Without further hesitation Captain Bart agreed to the proposal.

“I trust to your honour, Captain Benbow,” he said.

“You may rest assured that, as you have given your word to allow the Elephant to continue her voyage unmolested, you will be able to leave this ship whenever you desire.”

The three Captains were soon seated in the comfortable cabin of the Benbow frigate. Captain Benbow, having regarded Captain Bart for an instant, put out his hand, exclaiming, “Why, we served together as lads for two years or more under Admiral Ruyter—surely I am not mistaken—and saw a good deal of pretty hard fighting.”

“You are perfectly right,” answered Captain Bart. “I remained with him till I was twenty-one and a half years of age, when I returned to my native town of Dunkerque, not supposing at the time that I should have to fight against my old friends the Dutch.”

“You and I must be about the same age, Captain Bart,” observed Benbow, after they had been comparing notes of certain events which had taken place.

“I was born in the year 1650,” said Bart.

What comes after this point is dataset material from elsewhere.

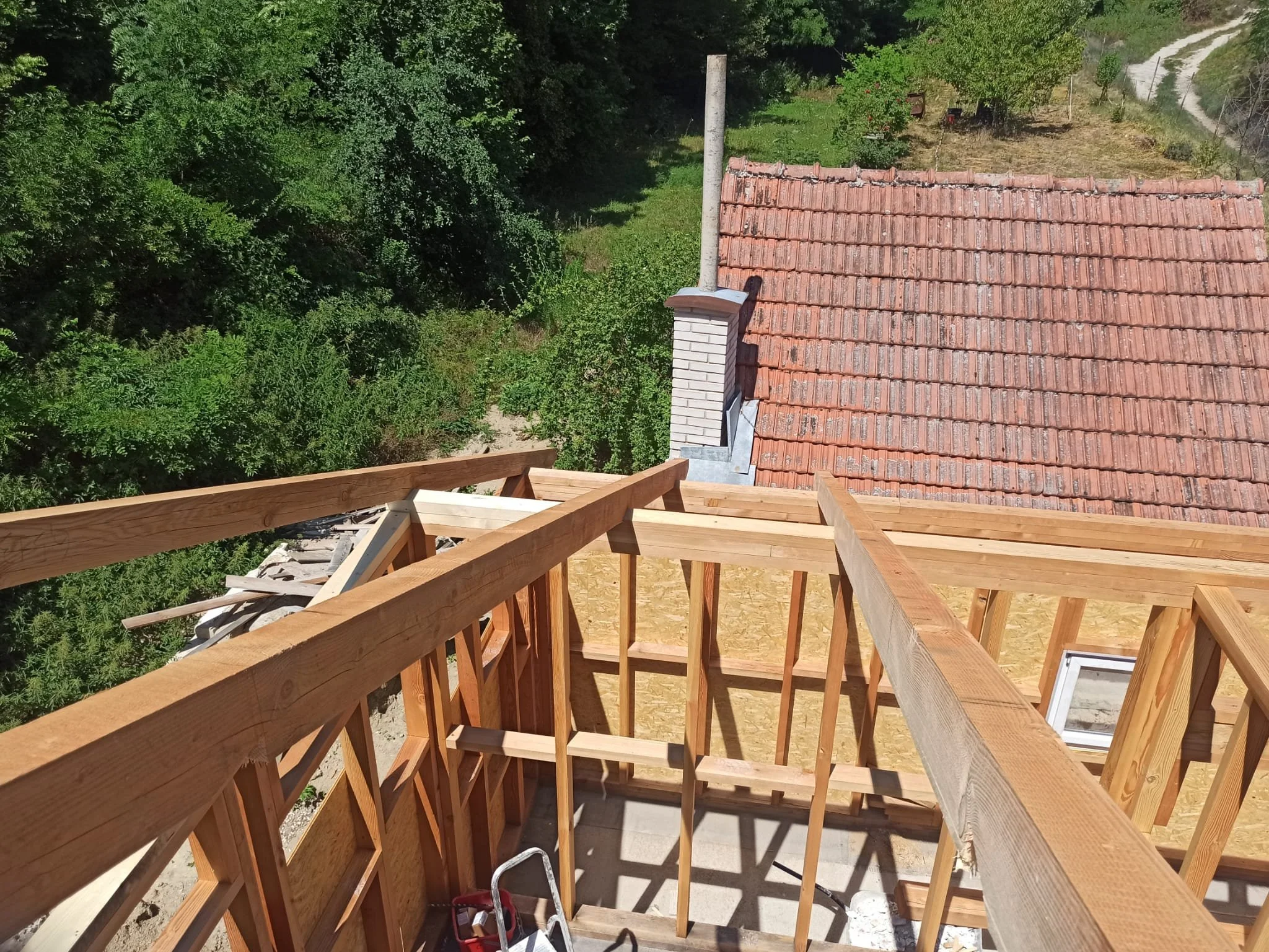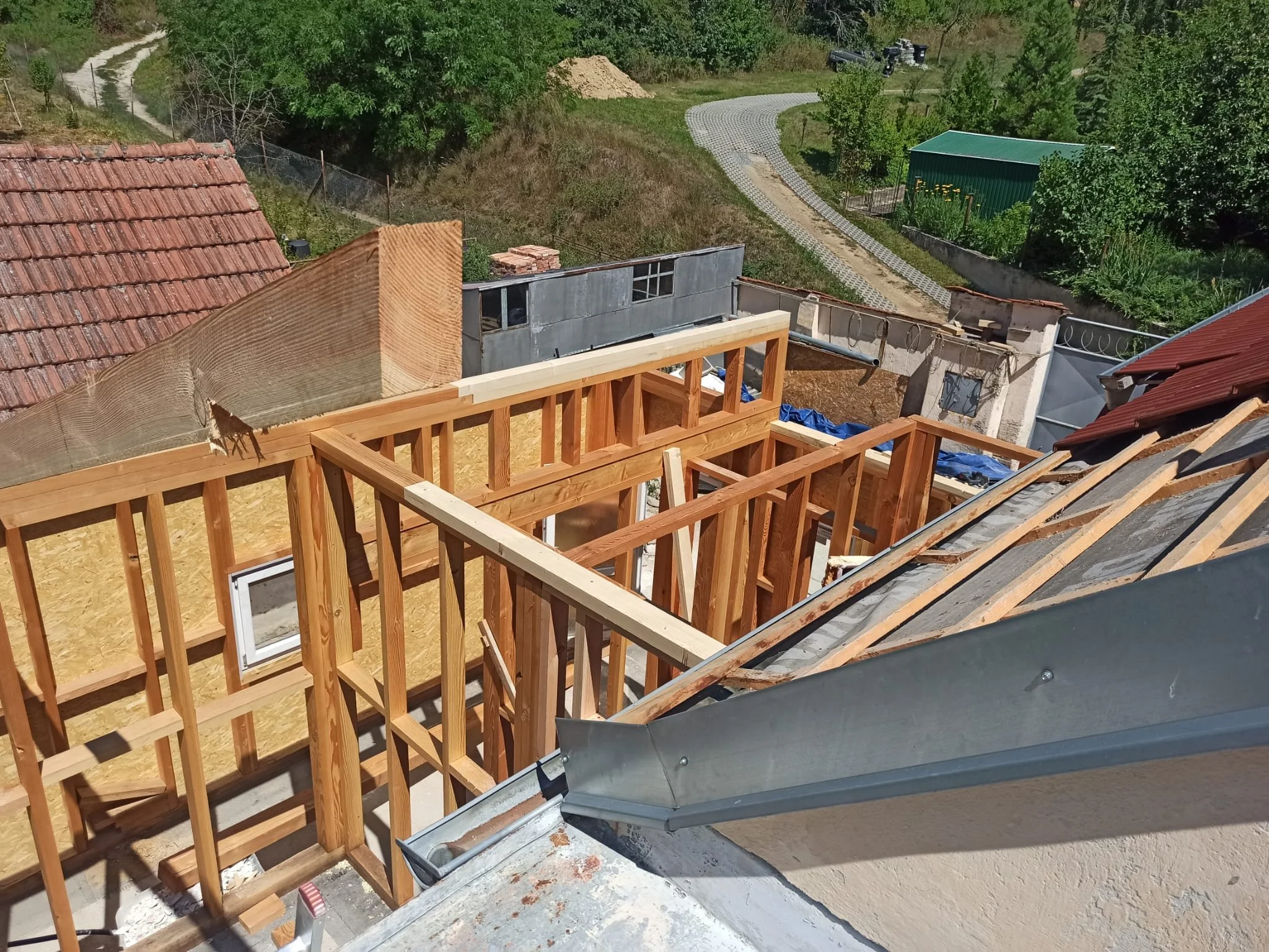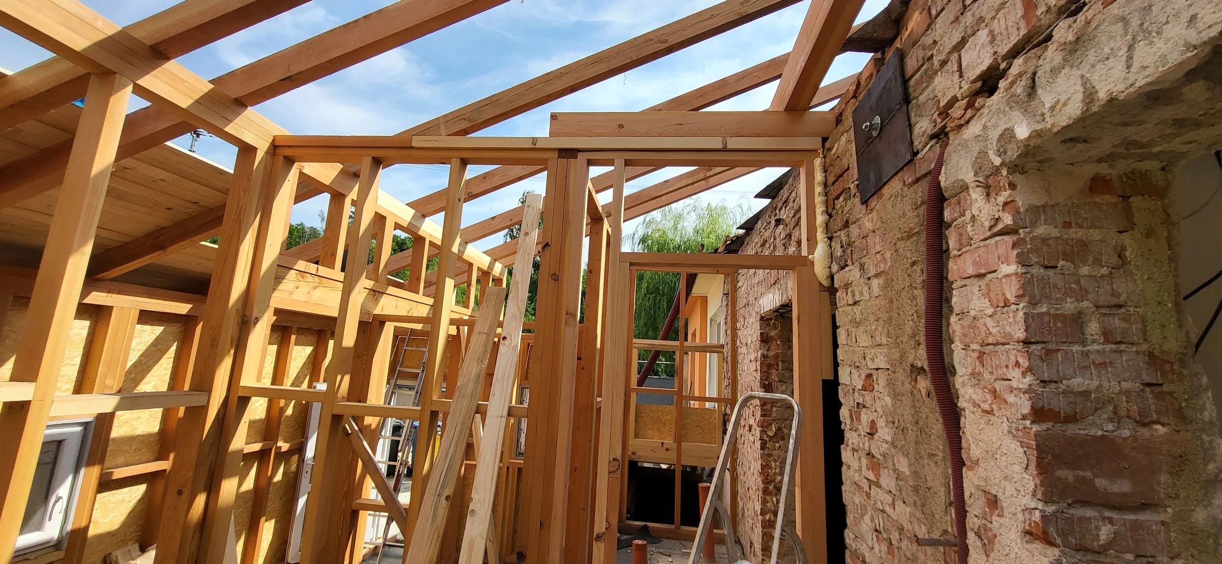 Přístavba RD domu v Dolních Kounicích. Stěny tvořeny profily 6x12 z Douglasky, stejně jako příčky 5x10. Pultová střecha napojená částečně na původní vaznicový systém střechy a částečně na nový štít.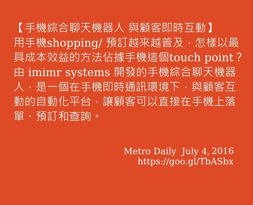 BIZbyAI is the AI business solution arm of imimr systems. We power up your business with AI. We provide a wide spectrum of AI solutions to corporate customers -- Selling, Marketing, Customer Service, After Sales and Operations by AI solutions.

“Very same year that I first saw the light,” observed Benbow. “We both of us have been ploughing the salt water pretty nearly ever since.”

“For my part I expect to plough it to the end of my days, as most of my ancestors have done; for we men of Dunkerque are born seamen, and fond of the ocean,” said Bart.

“And to my belief I am the first of my race that ever went to sea,” said Benbow.